8.00g of NaOH are dissolved in water to make 3.00 L of solution. What is the concentration of hydronium ions, , in this solution?
this was wrong, thanks
To find the concentration of hydronium ions (H3O+) in the solution, we need to understand the relationship between sodium hydroxide (NaOH) and hydronium ions in water.
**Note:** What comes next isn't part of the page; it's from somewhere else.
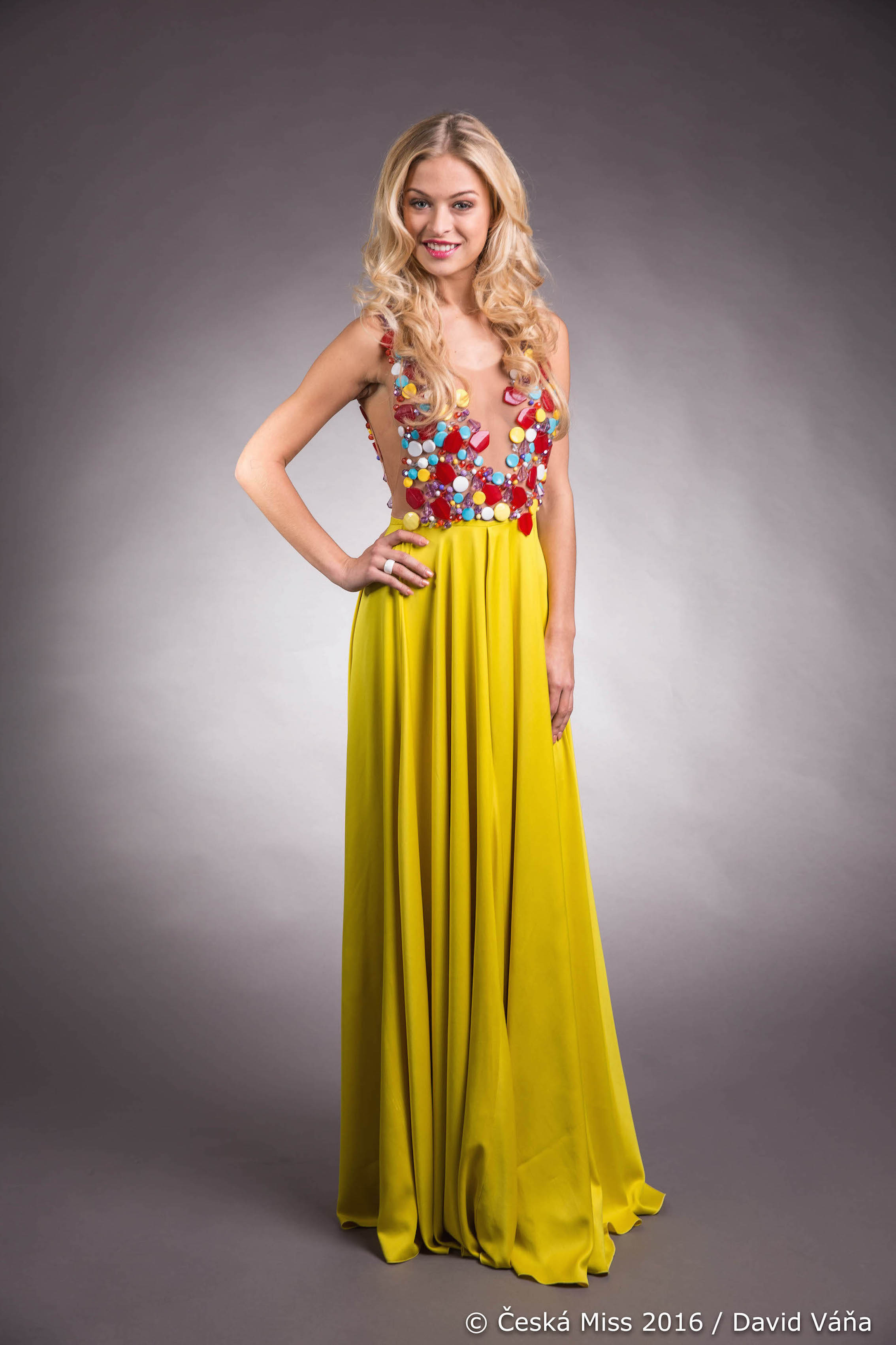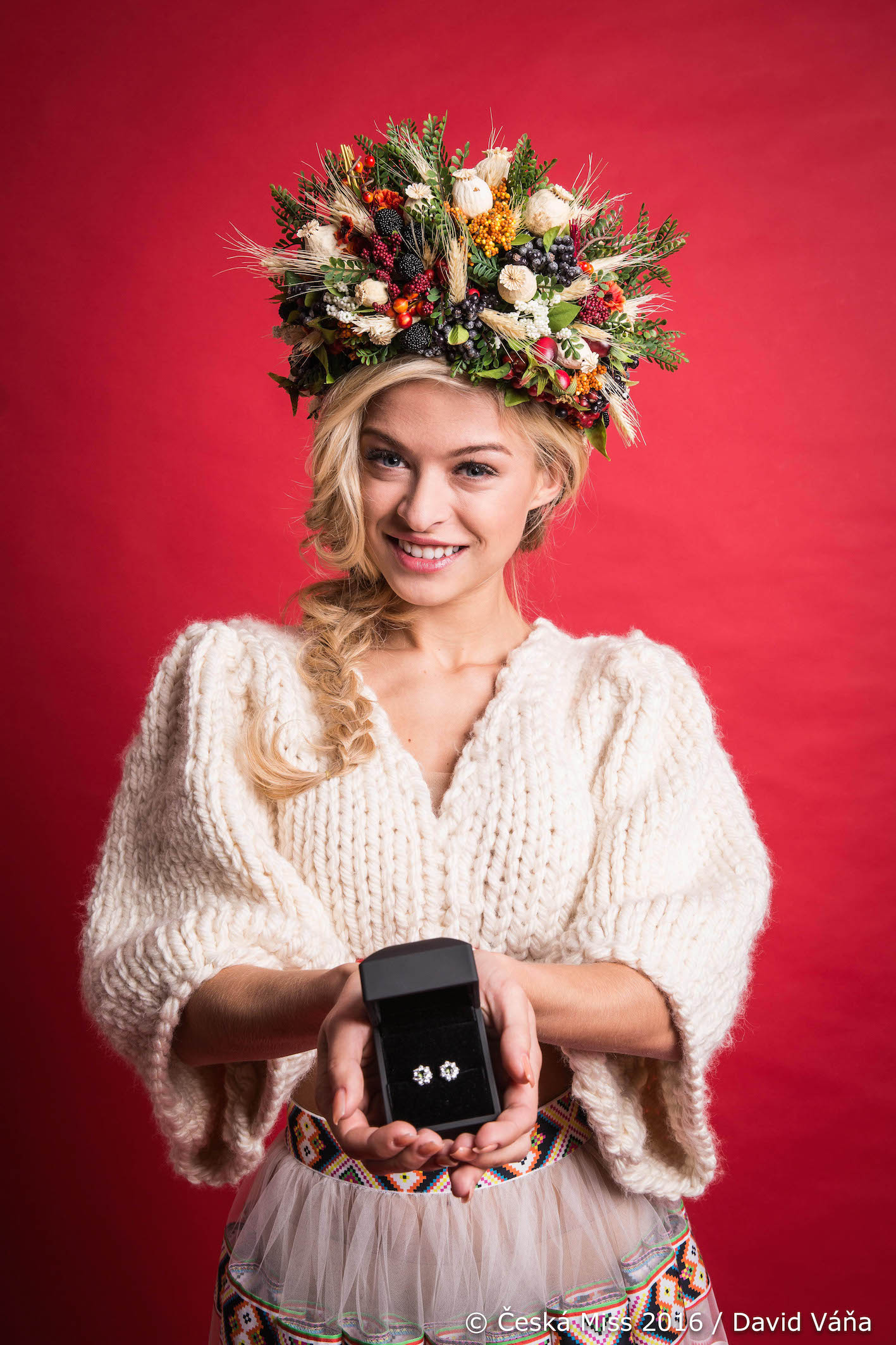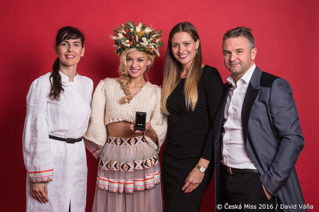 Součástí výbavy je i národní kostým z Rodné Hroudy od Marie Staré, jenž se nese v duchu jihovýchodní Moravy a byl inspirován ornamentem, který se ve vyšívané formě vyskytoval na lidovém kroji z okolí Moravských Kopanic. „Původní oděv byl střihem velmi prostý, avšak ozdoben překrásnými křížovými výšivkami. Ty jsme přenesli na látku a odekorovali tak poloprůsvitnou sukni, která dává vyniknout křivkám modelky. Vrchní část šatů tvoří ručně pletený top od babiček, který je velmi dominantní. Svou jemně krémovou barvou a hrubým vzorem je zajímavým kontrastem k lehounké sukni. Hlava je ozdobena pestrobarevným věnečkem, který je vytvořen z rozmanitých druhů suchých květů a rostlin,“ uvádí Marie Stará, zakladatelka a designerka značky Rodná Hrouda, jejímž cílem je nejen zdobit krásné ženy, ale také pomáhat. Tvorba národního kostýmu má charitativní podtext a stala se součástí projektu zpříjemňujícího život seniorům v Domově Na Zámku v Lysé nad Labem. Šaty budou po světové soutěži krásy Miss Earth 2016 vydraženy.

When NaOH is dissolved in water, it dissociates into sodium ions (Na+) and hydroxide ions (OH-). In water, these hydroxide ions can combine with water molecules to form hydronium ions. The balanced equation for this reaction is:
NaOH + H2O -> Na+ + OH- + H2O -> Na+ + H3O+ + OH-
Note that one water molecule is used in both the dissociation of NaOH into Na+ and OH- and the formation of hydronium ions. Thus, the concentration of hydronium ions can be considered equal to the concentration of hydroxide ions.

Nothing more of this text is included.